Everypony took turns castigating my high-hoofedness. The officers for my disruptive behavior, the pegasi for putting them on the spot like that, even some of the donkeys for pitching Cherie to a pony with whom she shared no common language. And Gibblets…

Well, Gibblets was just generally pissed. We hadn't come to any agreement on the subject of the prophesy of the Pythian oracle. In fact, we had at some point exchanged positions on the subject of its accuracy and purpose. I had found myself defending the prophesy, and the good will of the prophet who made it. It might be because I was the one who kept the prophesy, who remembered it. Gibblets only had my memory to work with. When you are the keeper of a secret, its guardian and archivist, you find yourself with a vested interest in its truth, its accuracy, and, in short, its worth. Who wants to find themselves the protector of frauds and falsehoods?

There was another point of contention. He had a long, indeed ancient history with the Spirit, or, at least, the pony which had birthed the Spirit. We were not at all certain of the Spirit's exact relation to that long-banished alicorn. Gibblets insisted that his mistress had been banished, physically and essentially, to the moon of Equestria, and that supposedly her mark was still upon that celestial object, a veritable "Mare in the Moon", to this day. I don't know how he could argue "to this day", since by his own testimony he hasn't been back to Equestria since the banishment, but I was willing to grant him this fact in evidence. The point remained, she was not visiting his dreams, nor had he clapped eyes on her ectoplasm since the first apprenticeship ceremony. I had related to him the dreams into which she had walked since then - and there had been over a dozen - and in detail. But in the end, it was mere testimony, second-hoof at best.

I was his dealer for Princess, and that was a strain.

I calmed him down by describing the new dreamscape, and our conversation about the thestrals. Rye Daughter returned from her self-defense class that the Dodger's knight was giving for the foals. Charleyhorse's close call and loss of his own knight had scared all of us. There was little we could do to properly arm our would-be squires - they would grow out of any barding or hoofblades we sized for them, and they didn't have the body weight to put behind lances or other serious weapons. All they could do was get each of them a decent pair of strap-daggers and train them how to cut hamstrings and run for it.

We went on my long-overdue ward rounds in the castra hospital, checking on the healing wounds of those caught out or overrun in the caribou's undead trap. Gibblets was still fuming about the Spirit's idiosyncratic version of history.

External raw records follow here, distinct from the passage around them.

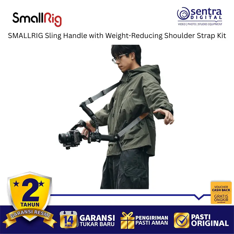 SmallRig 4383B adalah paket aksesoris ergonomis yang dirancang khusus untuk pengguna gimbal DJI seri RS guna memberikan kenyamanan maksimal selama sesi pengambilan gambar yang panjang. Kit ini terdiri dari Sling Handle yang dapat disesuaikan dan Shoulder Strap empuk yang berfungsi mendistribusikan beban perangkat secara merata ke bahu dan punggung, sehingga mengurangi kelelahan tangan secara signifikan. Pegangannya dipasang menggunakan dudukan rel NATO yang kokoh dan mendukung penyesuaian sudut secara fleksibel untuk mempermudah transisi ke mode pengambilan gambar sudut rendah atau underslung. Selain meningkatkan kontrol stabilitas, alat ini juga dilengkapi dengan berbagai titik pemasangan seperti lubang sekrup 1/4-20 inci dan cold shoe untuk memasang monitor, mikrofon, atau lengan artikulasi tambahan secara praktis.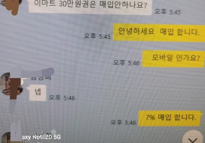 카카오톡으로 선물 받은 이마트 상품권 처분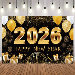 2026 장식 새해 복 많이 받으세요 배너 배경 7 * 5ft 골드 블랙 파티 장식 배너 배경 새해 사진 배경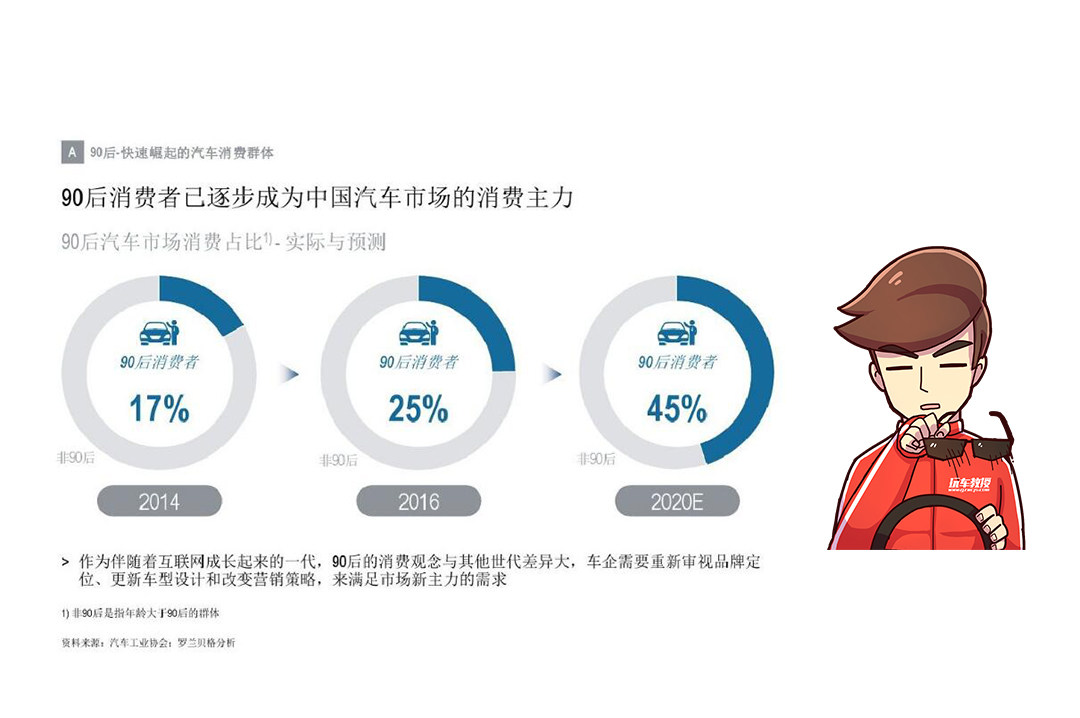 根据罗兰贝格联合今日头条发布的重磅报告——《2017年中国汽车消费关注度报告》,如今90后消费者已逐步成为中国汽车市场的消费主力,并且将在2020年初占据汽车市场的45%,而如今他们仅仅是25%,发展潜力以及发展速度值得汽车品牌们押注年轻消费市场。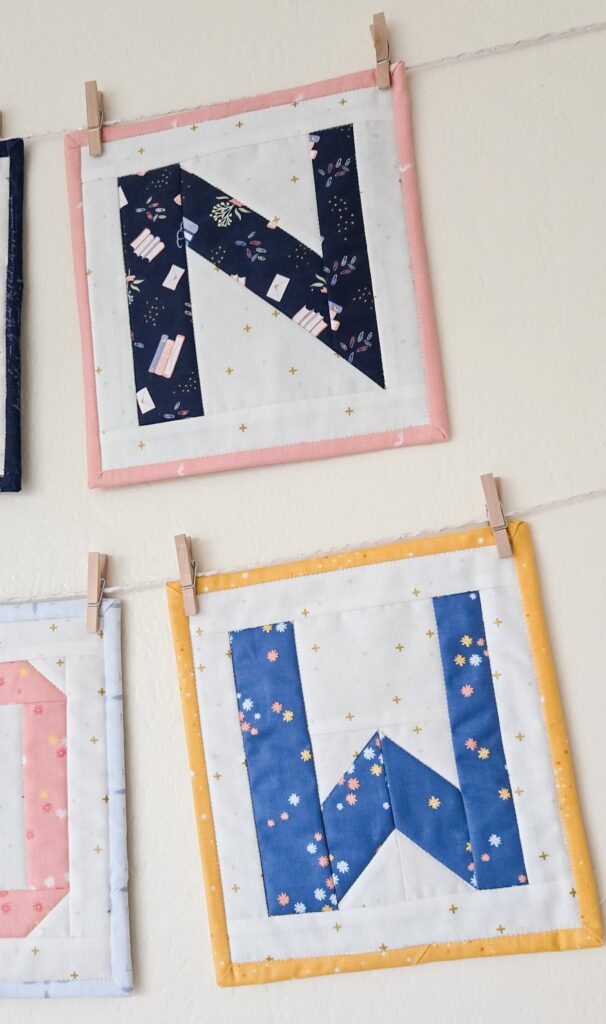I used the Riley Blake Design’s Basic Sparkler Vintage White Sparkle for the background (it matches perfectly!) and I feel the specks of gold adds to the whimsy of the banner. For each letter I used one print to spell out the letter and contrasting print for the binding.

"I can't believe that's how she remembers it. Yes, she was Equestria's field marshal for generations, but it wasn't constant warfare! Maybe three serious wars in the sub-worlds in fifty years. And yes, Holstein got pretty burnt out, but none of those wars were started by Equestria. The fortress-cities were vital to the security of the Equestrian portals. The Arimaspi pushed us hard, one commando even got through on a subsidiary portal once, if I recall correctly. And the night-haunts in Fallscarp, they had to be burnt out root and branch. No, not undead, not strictly if I recall correctly. More dark-magic, vampiric of a sort. That was after my time, I will grant you… Nopony could do anything about Flutter Valley in the end, other than declare the world Tartarus, and implode the portals up and down that section of the Chain, cut off an entire tributary of a dozen worlds. Two-three hundred years later, they found portals around the broken link... It would have been worse if the Smooze had been truly sentient. I had been working with the refugees of Flutter Valley at the time of the rebellion. Luna and the legions came back from the Fallscarp campaign to help put down the Sombra Domination in the Crystal Empire, and then you know the rest - rebellion, with her ponies on the wrong side of the portals from Celestia's point of view."

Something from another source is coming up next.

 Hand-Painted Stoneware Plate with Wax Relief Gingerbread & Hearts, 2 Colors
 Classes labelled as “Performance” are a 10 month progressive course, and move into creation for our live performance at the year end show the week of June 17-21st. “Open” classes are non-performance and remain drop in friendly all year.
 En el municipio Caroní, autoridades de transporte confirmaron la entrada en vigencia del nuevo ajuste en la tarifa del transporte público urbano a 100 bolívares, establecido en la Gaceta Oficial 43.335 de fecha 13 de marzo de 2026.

I finished up the general ward, with Rye doing the carrying and fetching. We went into the witches' private room, and I got out the potion materials to dose Shorthorn again. Some of the work I had done in vain for the late Gilbert's case had become of use in treating horn-burn. One or two more treatments and he might be fit for something other than back-seat hexing.

"What I'm saying is that her life wasn't all that horrible. Equestria wasn't a world-conquering tyranny. We only got pulled into defensive wars to aid allies and put down threats to the upper Chain. Nothing worse than anything the modern Company has been involved in, and a great deal better-intentioned than some things we've done."

"Gibblets, we're currently fighting for deathless liches, their eternal tyranny, and maintaining the dominance of donkey aristocracy over lesser tribes. Our standards for harrowing might be skewed," I observed, and turned to my next patient.

"Lady Languid, how are you feeling this fine morning - no, I must correct myself, it's now afternoon. Let's check your temperature and your wrappings." Despite all the mould-squeezings I had run through her system, and the endless washings of her wounds with antiseptic rinses, she had still suffered a series of secondary infections. Never enough to kick off gangrene, but it had been a damn close run thing. When we evacuated the castra, I was seriously thinking about shipping her off to the convalescent home, and maybe sending Rye Daughter with her to oversee her treatment.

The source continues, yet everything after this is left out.